Беседуя таким образом с Иосифом, Консуэло не переставала работать – то стряпая вместе с ним на всех троих, то починяя белье Порпоры. Она добавила необходимую для маэстро мебель, незаметно внося в комнату одну вещь за другой. Прекрасное кресло, широкое и набитое волосом, заменило соломенный стул, на котором он давал отдых своим старческим, одряхлевшим членам. Сладко поспав в нем после обеда, он удивился и, нахмурив брови, спросил, откуда взялось такое хорошее кресло.
– Хозяйка прислала его сюда – это старое кресло мешало ей, и я согласилась поставить его в угол, пока оно ей не понадобится.
Консуэло обновила также и тюфяки учителя, но он не сделал никаких замечаний относительно удобства своей постели, сказав только, что последние ночи перестал страдать от бессонницы. Консуэло ответила, что это следует приписать кофе и воздержанию от водки. Однажды утром Порпора, надев превосходный халат, с озабоченным видом спросил Иосифа, где он его разыскал. Иосиф, как было условлено, ответил, что, убирая старый сундук, нашел этот халат на дне.
– А я думал, что не привозил его сюда, – заметил Порпора. – Однако ж это тот самый, что был у меня в Венеции, во всяком случае он того же цвета.
– А какой же еще? – ответила Консуэло, позаботившись о том, чтобы цвет нового халата напоминал давно отживший свой век венецианский.
– А я считал его более поношенным, – сказал маэстро, осматривая свои локти.
– Еще бы, – продолжала Консуэло, – я вшила новые рукава.
– Из чего же?
– Из подкладки.
– А! Женщины удивительны, они умеют из всего извлечь пользу…
Когда был принесен новый костюм и Порпора поносил его два дня, то, хотя костюм и был одного цвета со старым, маэстро удивился его виду; особенно пуговицы, очень красивые, навели его на размышления.
– Это не мой костюм, – проворчал старик.
– Я велела Беппо отнести его в чистку: ты вчера вечером наделал на нем пятен. Его выутюжили, вот он и кажется более новым.
– Говорят тебе, это не мой костюм! – закричал Порпора, выходя из себя. – Его подменили в чистке. Твой Беппо дурак!
– Его не могли подменить, я сделала на нем метку.
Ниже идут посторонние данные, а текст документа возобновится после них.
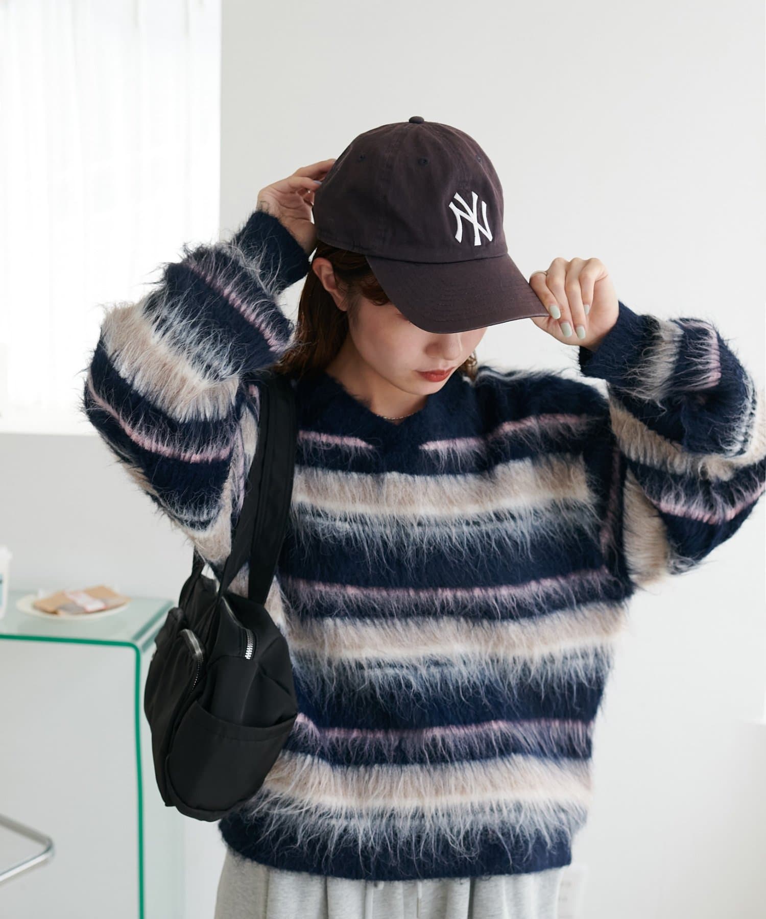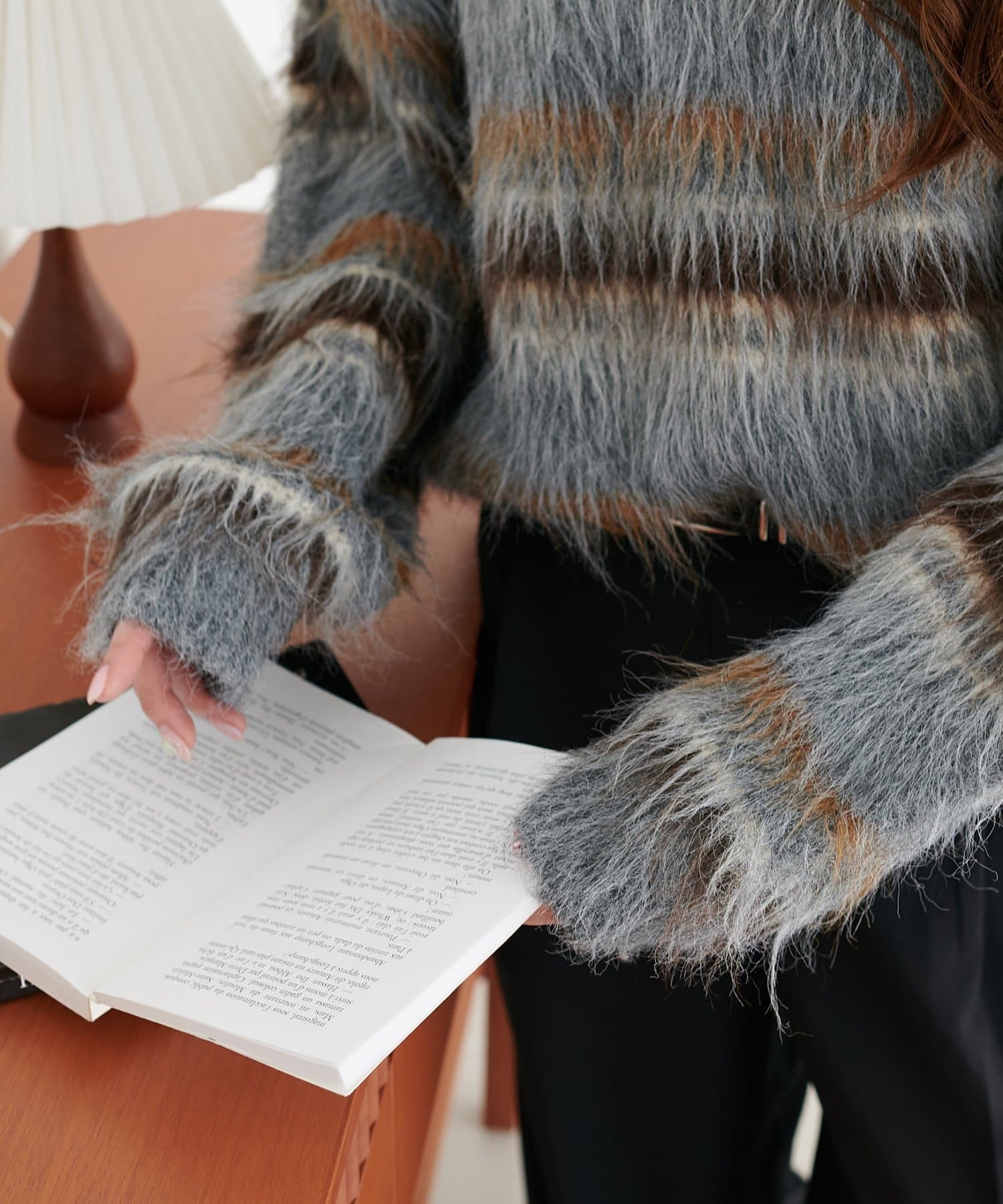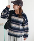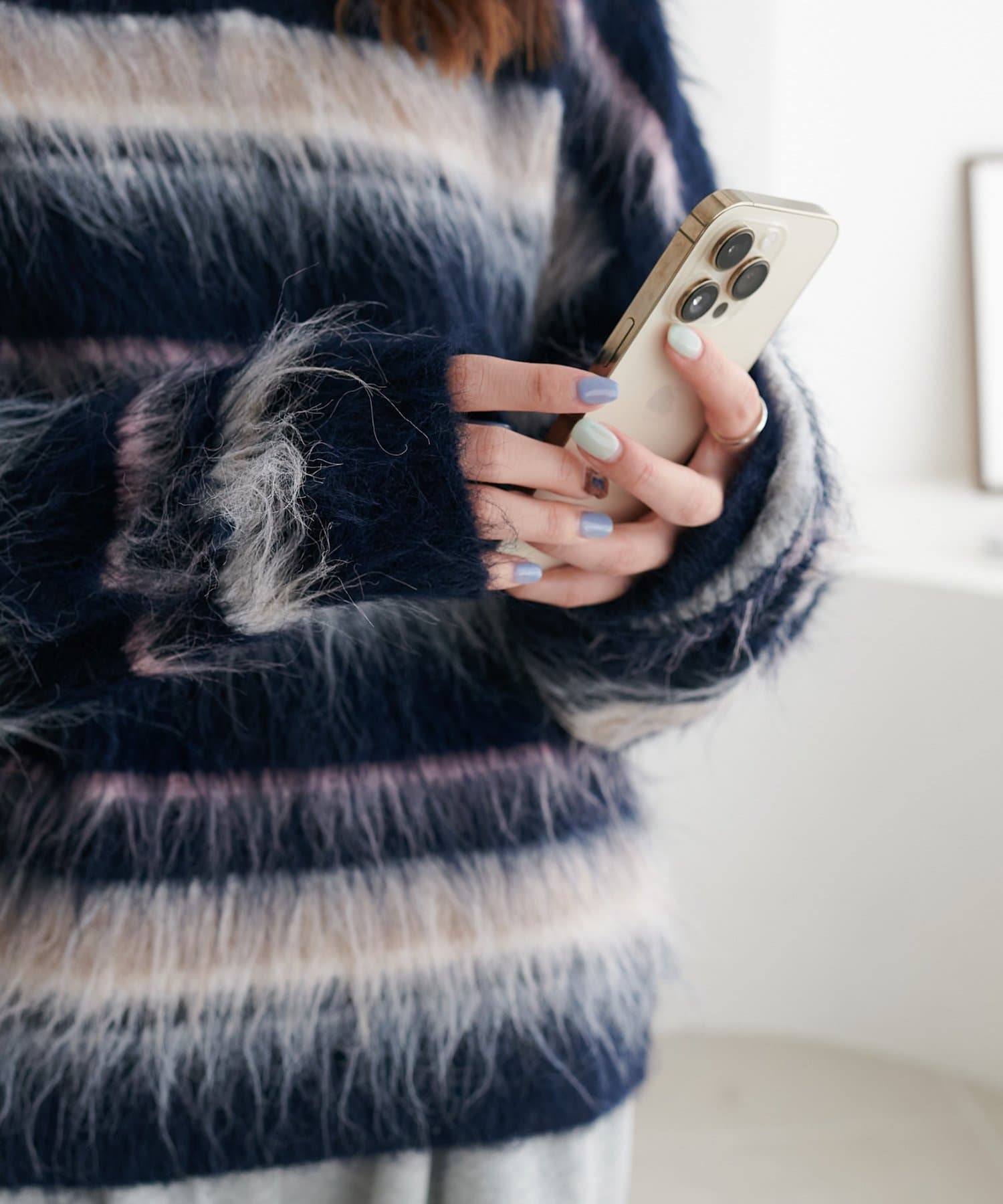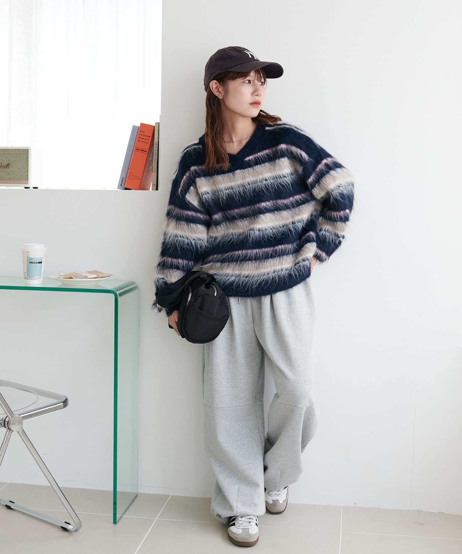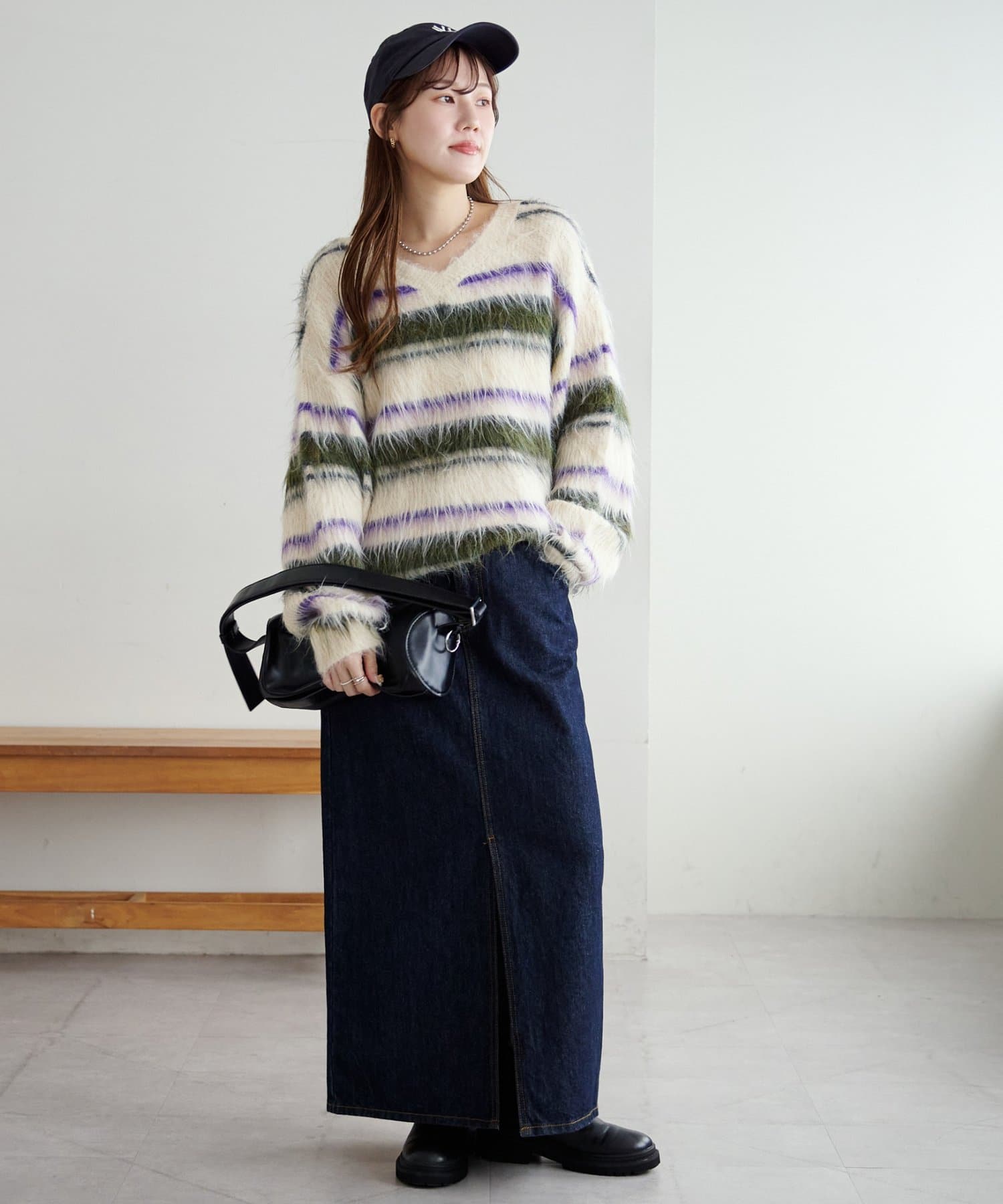 シャギー素材とマルチボーダーの存在感を活かすため、シンプルなボトムと合わせるのがおすすめ。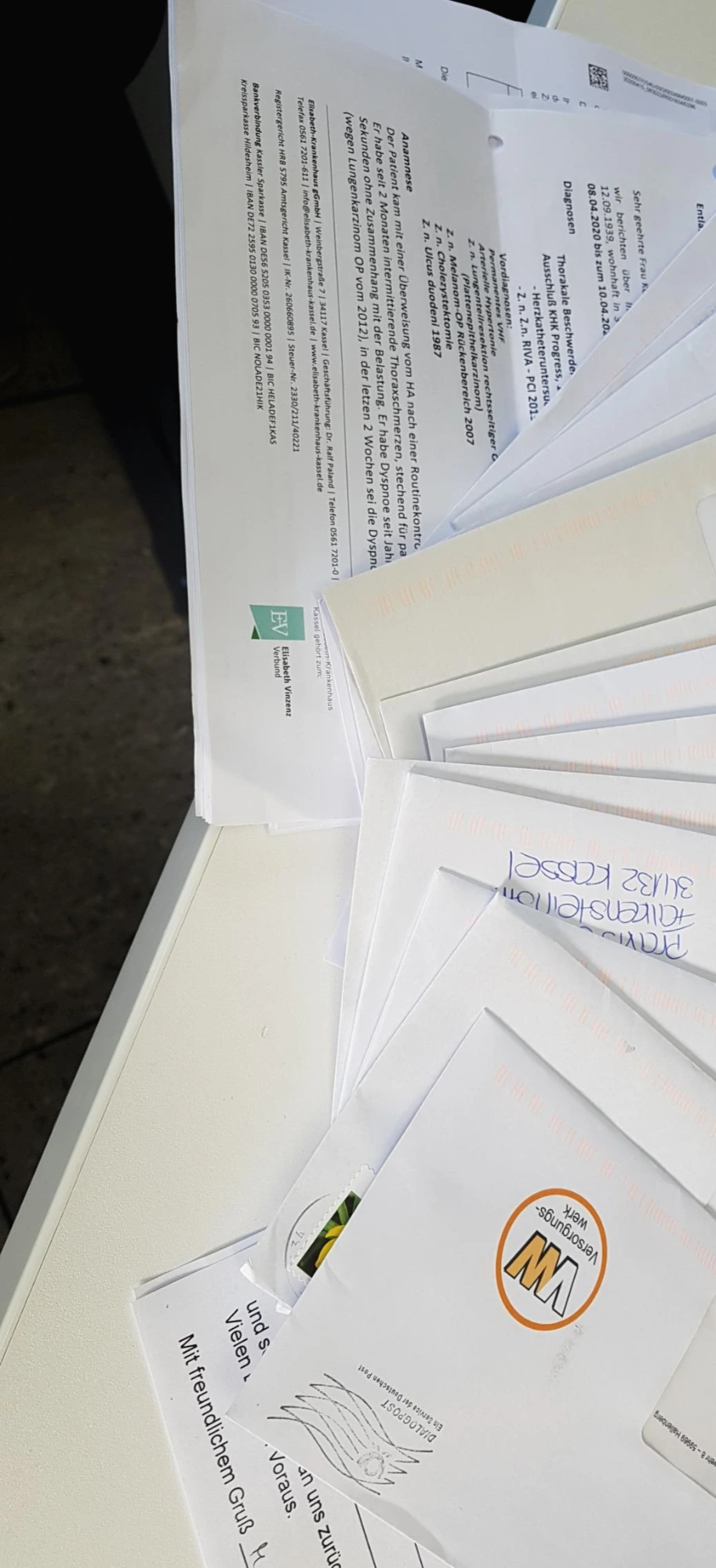 독일 가정의 병원에 매일 우편으로 오는 서류들로는 주로 환자들의 연금보험 회사, 의료보험 회사, 노동청 등 각 기관에서 원하는 환자에 관한 의사 소견서 등이다.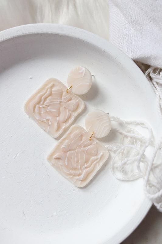 Flutter Hoop Polymer Clay Earrings in Pearl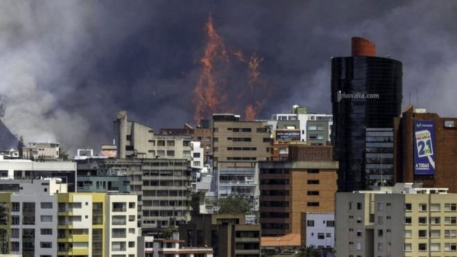 Αποπνικτική είναι η ατμόσφαιρα στην πρωτεύουσα του Εκουαδόρ, καθώς πυκνός μαύρος καπνός έχει καλύψει τμήματα της πόλης.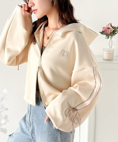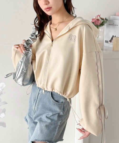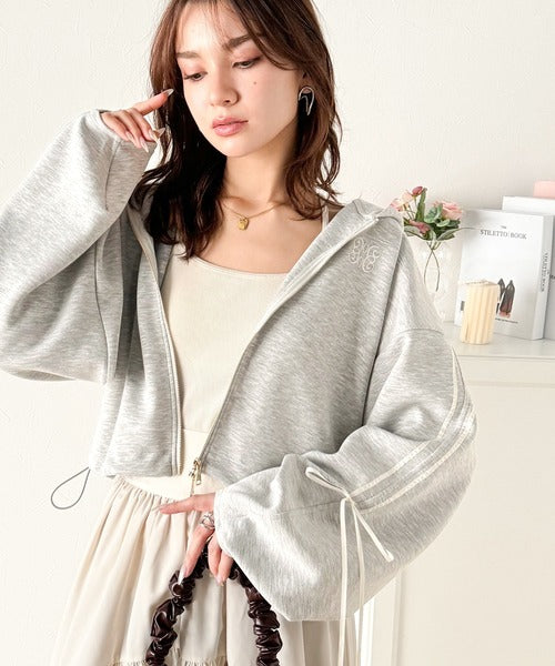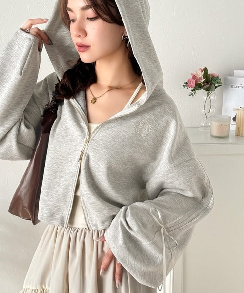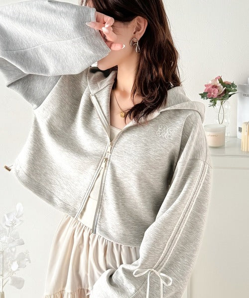 【mily bilet】大人のこなれ感が魅力。胸刺繍ダブルジップクロップドダンボールパーカー(ショート丈) mi1329011

– А пуговицы? Думаешь, я не вижу, что это не те пуговицы?
– Я сама заменила их новыми. Старые никуда не годились.
– Все твои выдумки, они были еще очень хороши. Вот глупость! Что я, франт какой-нибудь, чтобы так рядиться и платить за пуговицы, наверное, не меньше двенадцати цехинов.
– Они и двенадцати флоринов не стоят, – возразила Консуэло, – я купила их по случаю.
– И это слишком дорого, – проворчал маэстро.
Все части его туалета были подсунуты ему таким же манером, при помощи ловких обманов, а Консуэло и Иосиф хохотали при этом как дети. Несколько вещей проскользнуло незаметно благодаря большой занятости Порпоры; кружева и белье проникали тайком в его шкаф маленькими порциями, а когда он рассматривал их на себе с некоторым недоумением, Консуэло обыкновенно говорила, что это она так искусно все заштопала. Для большего правдоподобия она чинила у него на глазах кое-какое старье, а потом укладывала его вместе с другими вещами.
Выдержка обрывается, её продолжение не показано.